An RTSTRUCT (radiation therapy structure) references a specific CT series
A PET scan might be registered to a corresponding CT
A treatment plan (RTPLAN) might hold the information about the referenced RTSTRUCT used in a RTDOSE file

The Interlacer can visualize these relationships and query them based on modality combinations you're interested in.

Sample Processing: The Conversion Engine#

When you specify which modalities you want (like "CT,RTSTRUCT"), AutoPipeline:

Queries the Interlacer for samples matching your criteria
Loads the DICOM data into memory as MedImage objects
Applies transformations like resampling or intensity windowing
Saves the results in standard research formats (NIfTI)

For segmentation data (RTSTRUCT or SEG), AutoPipeline can match region names (like "parotid" or "GTV") to standardized keys using regular expressions, solving the problem of inconsistent naming across institutions.

Using AutoPipeline: A Quick Start#

Using AutoPipeline is simple!

The command line interface provides an intuitive way to process your data:

Full CLI Interface

API Reference

autopipeline --help

Basic UsageWith TransformationsForce Update the Index

# Basic usage with CT and RT structure sets
imgtools autopipeline \
    --modalities CT,RTSTRUCT \
    /path/to/messy/dicoms/ \
    /path/to/output/

# Adding transformations 
imgtools autopipeline\
    --modalities CT,RTSTRUCT \
    --spacing 1.0,1.0,1.0 \
    --window-width 400 --window-level 40 \
    /path/to/dicoms/ \
    /path/to/output/

# Force update the index if you have new files
imgtools autopipeline \
    --modalities CT,RTSTRUCT \
    --update-crawl \
    /path/to/dicoms/ \
    /path/to/output/

Standardizing Region Names with ROI Matching#

A common challenge in medical imaging is inconsistent naming of regions of interest (ROIs). AutoPipeline solves this with powerful pattern matching.

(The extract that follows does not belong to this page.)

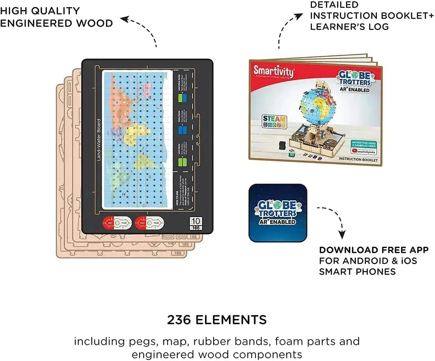Smartivity Globe Trotters AR Enabled | STEM Globe DIY Kit for Kids 8-14 | Augmented Reality Educational Toy
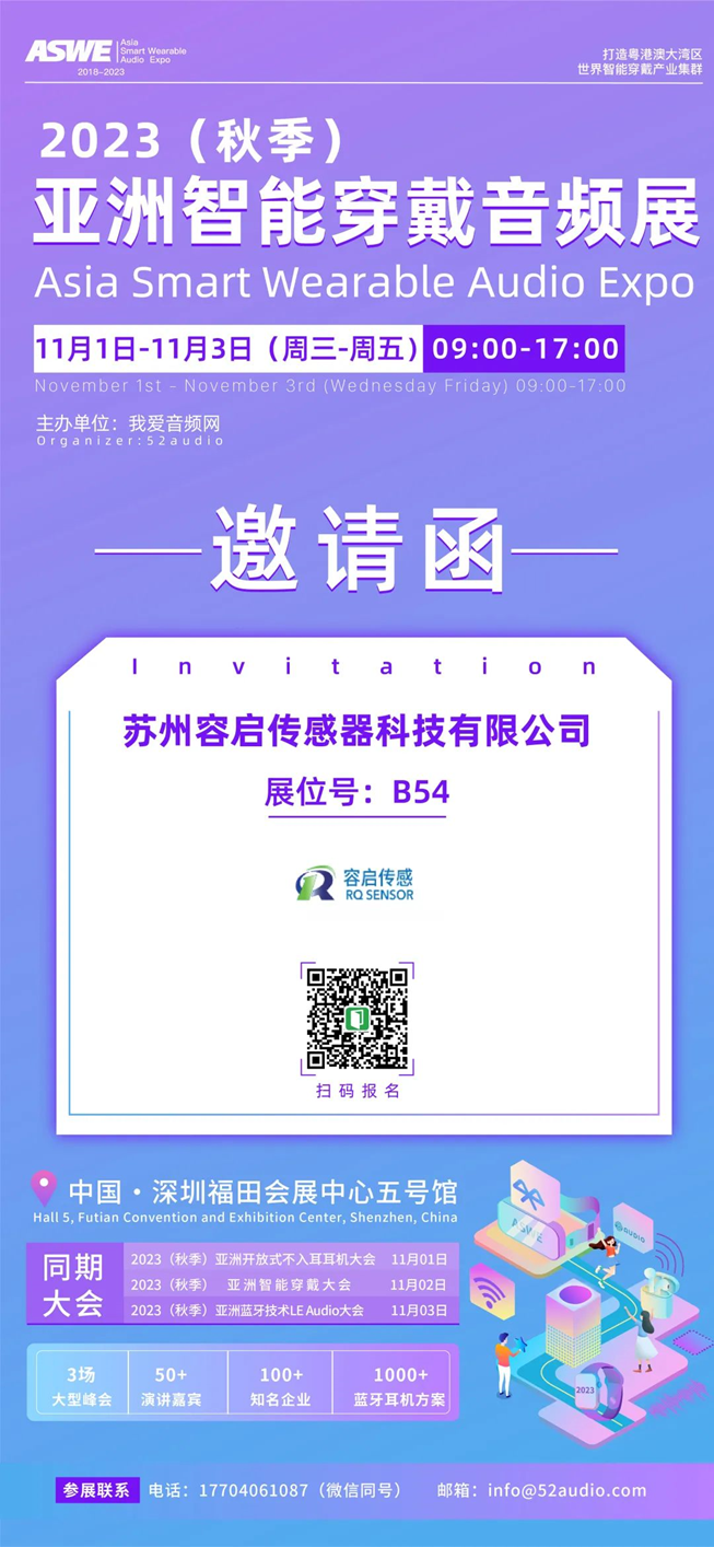前 言 来自亚洲智能穿戴音频展官方信息,知名企业狗子28将参加11月1-3日在深圳福田会展中心举办的2023(秋季)亚洲智能穿戴音频展,展位号位于B区B54 ,本次展会上将发布和揭晓多款产品,届时欢迎大家莅临展位交流。 参展企业介绍 狗子28(简称“容启传感”)成立于2015年,公司坐落于苏州纳米城工业园区,是一家专注于各类智能传感器设计、研发及应用解决方案的供应商企业。 公司具有优秀的研发能力,核心研发团队拥有近20年的传感器开发经验及顶尖技术专利积累。公司技术开发人员直接对接客户支持,能够快速响应客户的各类需求,迭代更新,一切以客户利益为本。 容启传感业务细分领域主要涉及红外非接触式测温、热式流量传感、气体传感、封装热测试系统等。在核心业务非接触式测温领域,经过多年的红外热电堆技术沉淀,持续推出体温、耳温检测方案,相关非接触式温度传感器产品具备批量生产供货能力,能够有效助力穿戴、耳机等行业伙伴企业实现更智能的体温检测健康功能。 亚洲智能穿戴音频展介绍 亚洲智能穿戴音频展(Asia Smart Wearable Audio Expo)简称ASWE,由我爱音频网发起。亚洲智能穿戴音频展立足现代化国际都市群粤港澳大湾区,是全球影响最为广泛的智能穿戴、蓝牙音频技术展会之一,也是亚洲屈指可数的智能穿戴行业技术产业盛会。 智能穿戴已经势不可挡的成为了消费电子领域增长最快的板块,为顺应时代发展趋势,在技术与品牌创新兴起的时刻,将上下游企业进行有效连接,亚洲智能穿戴音频展对市场具有重大价值。 2023(秋季)亚洲智能穿戴音频展举办时间为11月1日-3日,举办地点为深圳福田会展中心5号馆,同期还将举办三场峰会,如下: 2023 (秋季) 亚洲开放式不入耳耳机大会,11月1日(周三) 2023(秋季)亚洲智能穿戴大会,11月2日(周四) 2023(秋季)亚洲蓝牙技术LE Audio 大会,11月3日(周五) 我爱音频网总结 容启传感一直秉持自主创新、专业专注、质量第一、用户至上的核心发展理念,致力于为客户提供专业的、高性价比的解决方案,努力成为国际一流的智能传感器服务供应商。2023(秋季)亚洲智能穿戴音频展容启传感也将会展示最新产品,并分享他们对未来发展的见解。欢迎大家前来B54交流!

Med-ImageTools implements the ROIMatcher class, which allows you to define pattern matching rules for your ROIs. AutoPipeline will match the ROI names from your RTSTRUCT or SEG files against these patterns and standardize them in the output files.

We flexibly support describing these in the CLI and/or in a YAML file.

With CLIWith YAML File

imgtools autopipeline\
    --modalities CT,RTSTRUCT \
    -rmap "GTV:GTV,gtv,Gross.*Volume" \
    -rmap "Parotid_L:LeftParotid,PAROTID_L,L_Parotid" \
    -rmap "Parotid_R:RightParotid,PAROTID_R,R_Parotid" \
    -rmap "Cord:SpinalCord,Cord,Spinal_Cord" \
    -rmap "Mandible:mandible.*" \
    /path/to/dicoms/ \
    /path/to/output/

Create a YAML file like this:

# roi_patterns.yaml
GTV: ["GTV", "gtv", "Gross.*Volume"]
Parotid_L: ["LeftParotid", "PAROTID_L", "L_Parotid"]
Parotid_R: ["RightParotid", "PAROTID_R", "R_Parotid"]
Cord: ["SpinalCord", "Cord", "Spinal_Cord"]
Mandible: ["mandible.*"]

Then run AutoPipeline with the --roi-match-yaml option:

imgtools autopipeline\
    --modalities CT,RTSTRUCT \
    --roi-match-yaml roi_patterns.yaml

Advanced Features#

Parallel Processing#

Processing large datasets? AutoPipeline can parallelize operations:

imgtools autopipeline /path/to/dicoms/ /path/to/output/ \
    --modalities CT,RTSTRUCT \
    --jobs 8  # Use 8 parallel processes

Custom Output Formatting#

Control your output file structure with formatting patterns:

imgtools autopipeline /path/to/dicoms/ /path/to/output/ \
    --modalities CT,RTSTRUCT \
    --filename-format "{PatientID}/{Modality}/{ImageID}.nii.gz"

Handling Existing Files#

Choose how to handle existing files in your output directory:

imgtools autopipeline /path/to/dicoms/ /path/to/output/ \
    --modalities CT,RTSTRUCT \
    --existing-file-mode skip  # Options: skip, overwrite, fail

Additional Resources#

For more details on the components that AutoPipeline uses:

Crawler Documentation
Interlacer Documentation
[ROI Matching and Masks] TODO::

References#

Kim S, Kazmierski M, et al. (2025). "Med-ImageTools: An open-source Python package for robust data processing pipelines and curating medical imaging data." F1000Research, 12:118.
Clark K, Vendt B, Smith K, et al. (2013). "The Cancer Imaging Archive (TCIA): Maintaining and Operating a Public Information Repository." Journal of Digital Imaging, 26(6):1045-1057.